You are right...I really dont understand the whole HD thing..thats why i came here...to see if a HD TV would effect the Tivo....i found this TV...

http://www.bestbuy.com/site/olspage...t&productCategoryId=cat03002&id=1099394446947

shopping by size...as my entertainment center is only so big...I see where is says built-in HD tuner but set top box needed for HD cable...so im thinking the HD is all in the Digital range?....which i dont currently have...

So since im not recving HD content...it shouldnt affect me at all??

Or do i still have it wrong???


----------



## Steve_Martin (Jul 18, 2004)

It looks like the only way to see HD on that particular TV is via an antenna or a cable STB. Over the air HD uses the old UHF bandwidth. You will need some form of antenna to receive OTA HD. I can't receive OTA HD because we live in an RF hole.


----------



## greg_burns (May 22, 2004)

mrjam2jab said:


> i found this TV...
> 
> http://www.bestbuy.com/site/olspage...t&productCategoryId=cat03002&id=1099394446947
> 
> shopping by size...as my entertainment center is only so big...


I bought a 30" Sony HD. It has a built-in ATSC tuner, which means I can pick up some OTA HD without needing cable. (I got mine at a Sony factory outlet for $765 including a 5 year warranty. :up: )

I suggest you head over to avsforum before laying down any money on the Philips to see what others have to say.

I was also shopping based on the size of my entertainment cabinet. I had found a 34" Toshiba @ BestBuy that was the same width as the 30" Sony, but decided to go with the built-in tuner for less money and the quality.

Now that I have it, HD is very underwhelming for me.  Entirely due to the small size of the screen. 30" widescreen is puny. Regular 4x3 programming is even smaller than a 27" set, unless you stretch it to fill the screen.

This is definalety going to be just a stepping stone in my HD travels. If you want to experience true HD, I wouldn't waste your time with a 30", IMO. Xbox 1 sure looks pretty though.

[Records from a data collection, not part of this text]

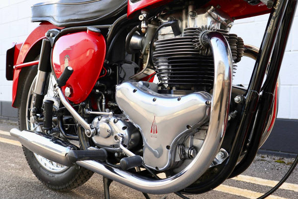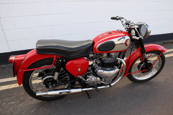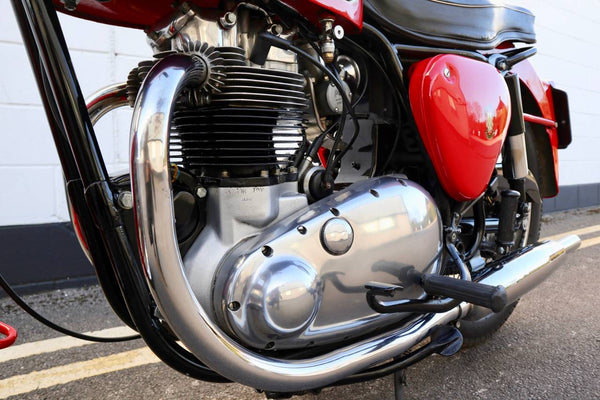 1958 BSA A10 Super Rocket 650cc. En excellent état avec des numéros de moteur et de trame corrects, comme confirmé par l'ancien journal en carton et le nouveau journal de bord V5C actuel. Le vélo a fait 2000 miles depuis la restauration, avec de nouveaux pneus Avon de type correct ajustés et commence le premier coup de pied.
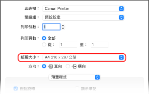 在列印選項的 [紙張大小] 中,選擇文件的紙張尺寸。
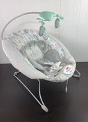 "Wind your baby down in this comfortable bouncer with calming vibrations and soothing music. The plush seat fabric is soft and gentle on baby's skin, and the monkey design adds an adorable touch of whimsy."
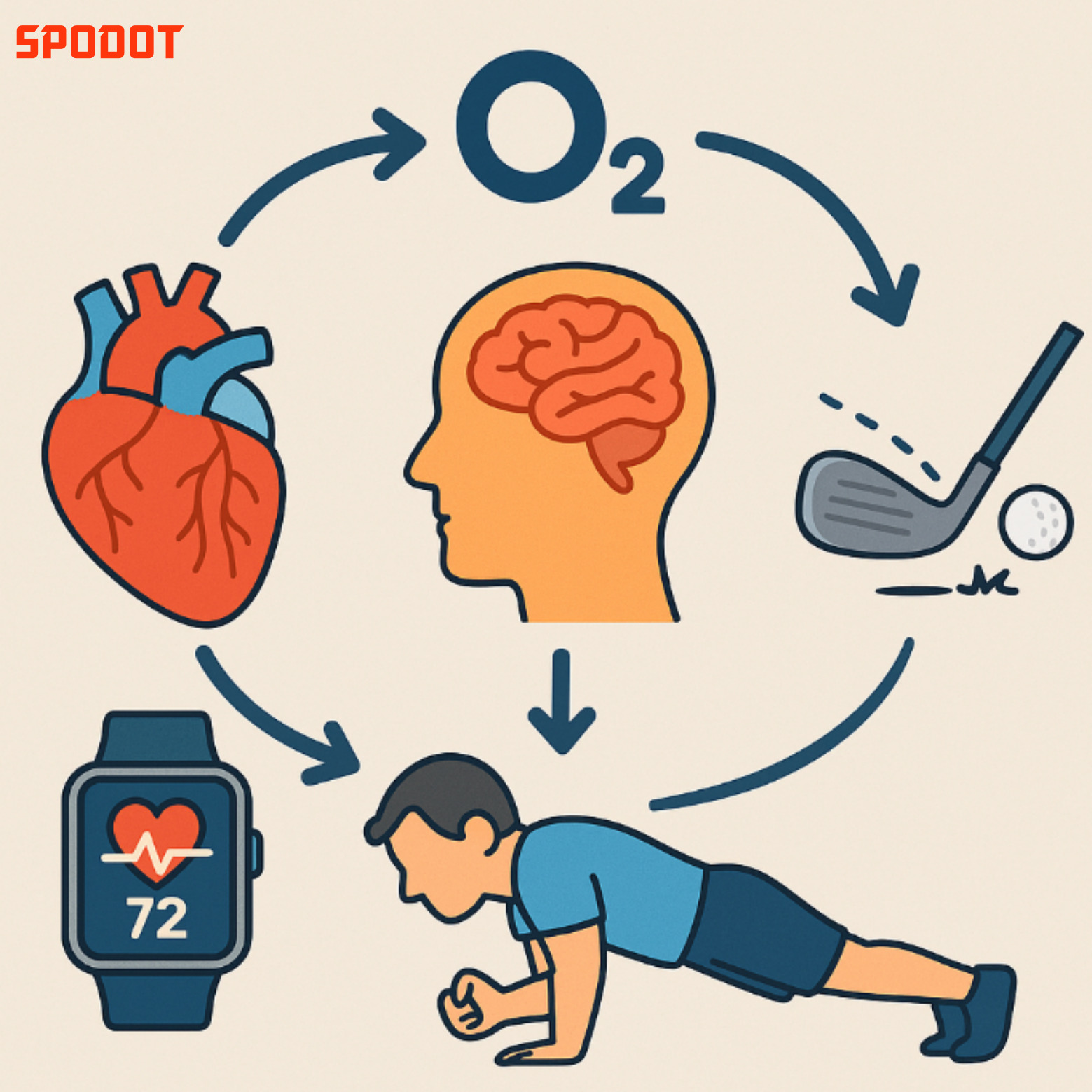 ☞ 심폐지구력이 높으면 산소 운반 능력이 증가 → 뇌 피로 완화 → 후반 홀 집중력 유지 🧠
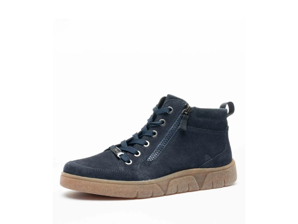 Dámské hightop tenisky Ara Rom-Sport v modré barvě spojují nadčasový design a moderní komfort. Jejich měkký semišový svršek působí elegantně a zároveň se přizpůsobí noze, zatímco polstrování v oblasti kotníku poskytuje pohodlný a jistý pocit při nošení.
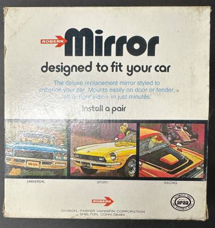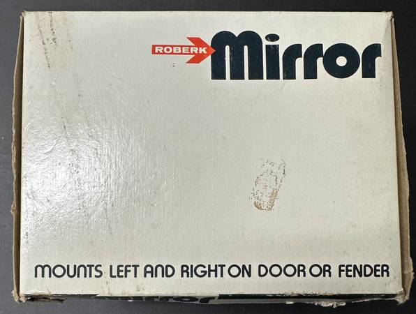 This is a vintage, unused, Roberk bullet style replacement mirror, model 350 . It is in new condition, paintable and designed for road, race & rally usage. Mounts easily to door or fender. Made in USA.
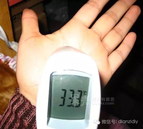 手心的表面溫度大概是33.3攝氏度,把熱敏電阻拿出來(lái),用手心捂住,穩(wěn)定一會(huì),測(cè)試結(jié)果如下:
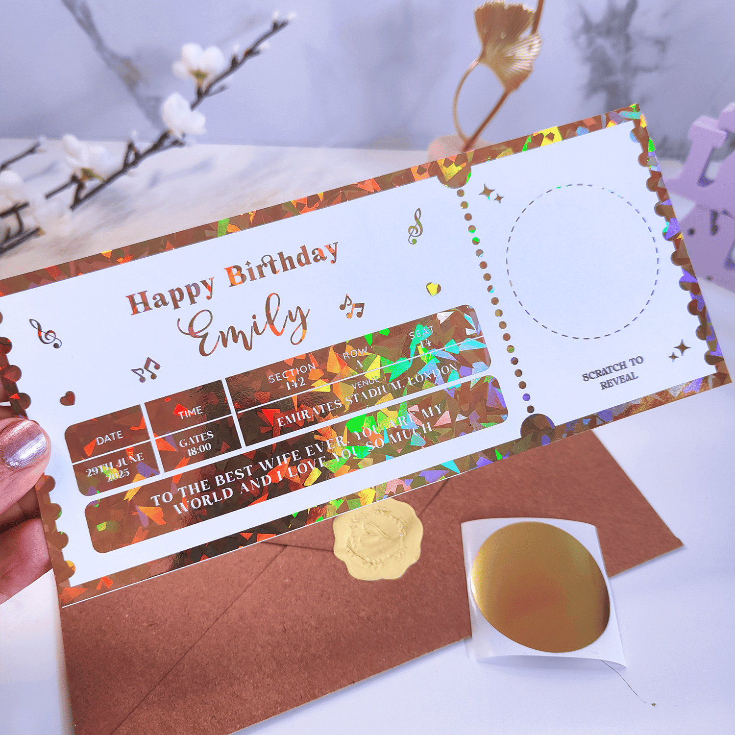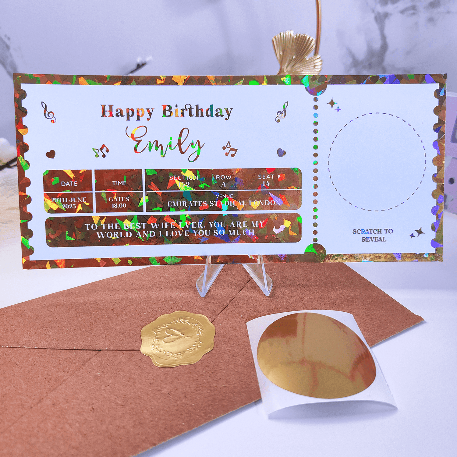 Give the gift of excitement with a personalised foil birthday surprise ticket. Handmade in Ireland by Printarelle, this keepsake looks like a real event pass and features a hidden scratch-off reveal for your custom message. Perfect for birthdays of all ages, it transforms your surprise into a memorable experience.

Wishing I hadn't sold my xbox 360 on ebay last year. Eh... no I'm not. $$$


----------



## PhillyGuy (Mar 12, 2006)

You should be able to watch HDTV with the built-in ATSC/QAM with no additional hardware, assuming that your cable company has not encrypted the HD channels. You don't have to make any changes to your current set-up.

If you are interested in receiving HBO or Showtime on HD and possibly ESPN or TNT HD, then you'll need a cable box.

You may want to use antenna to receive the OTA channels instead of getting them from your cable company if you can. Picture quality tends to be a bit better without further compression through cable. You can check what channels you can get at http://antennaweb.org


----------



## jchapman (Mar 29, 2005)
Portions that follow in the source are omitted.